1. Sorry About All That
What would you do if you knew with absolute certainty that you would not live through the night? Would you spend your last hours with loved ones, or maybe try to cram as much living as possible into the time you had left? In the case of Dr. Faustus, he's spending the time offering an apology to a crowd. The good doctor has been a bad man, looking the other way while evil flourished in the world. Evil here is personified by Mephistopheles, a servant of hell who waits until Faustus' time expires and the demon can take his soul. The Mickle Maher one-act play "An Apology for the Course and Outcome of Certain Events Delivered by Doctor John Faustus on This His Final Evening
" is performed by Midnight Company at 7 p.m. Thursday and 8 p.m. Friday and Saturday (September 20 to 29) at the Monocle (4150 Manchester Avenue; www.midnightcompany.com
) as part of Faustival. Following "Apology/Faustus" is another Maher one-act, "The Hunchback Variations," which sees Beethoven and the Hunchback of Notre Dame discuss their individual attempts to create "a mysterious sound," efforts hampered by the deafness of both men. Tickets for the double bill are $15.
2. Dine and Dance
Karlovsky & Company Dance celebrates its fifteenth straight year of bringing free dance to the public with this year's two Dine on Dance
shows. As is tradition, the company will perform a program of newly choreographed, site-specific pieces at Strauss Park (Washington and North Grand boulevards; www.karlovskydance.org
) at noon on Friday, September 21. This year's choreographers are Vance Baldwin and Elise Marie Ringenberg, Dawn Karlovsky and dance historian Alice Bloch. Performing traditional folk dances of Colombia, Grupo Atlantico will make a special appearance, while a new piece by Ashley Tate features dance students from the Grand Center Arts Academy.

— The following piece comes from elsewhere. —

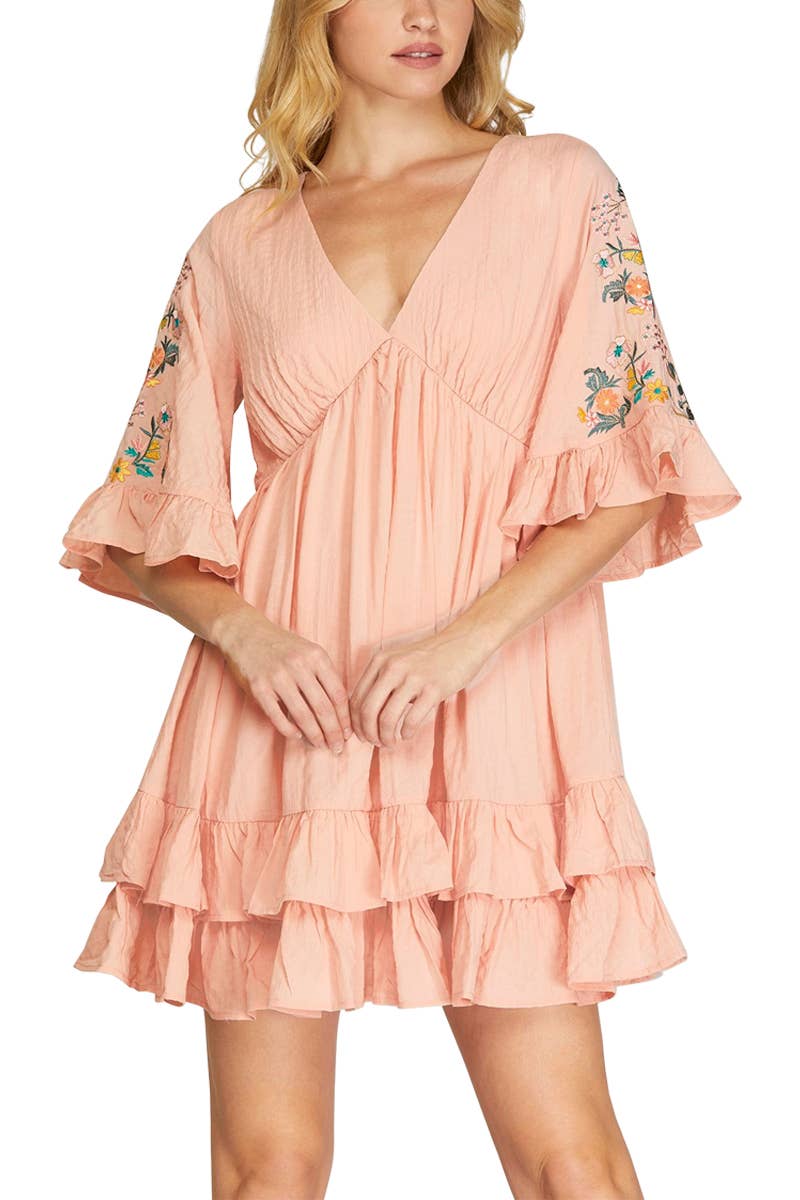 FRONT TIE STRAP SHORT SLEEVE TIERED MINI DRESS

Admission is free, so quit staring at the internet and go outside to get some culture under some sun. A second performance minus the arts-academy students takes place at noon on Friday, September 28, at the Old Post Office Plaza (Ninth and Locust streets).
3. Meat Me in St. Louis
Karlovsky & Company Dance brings site-specific dance to Strauss Park on Friday.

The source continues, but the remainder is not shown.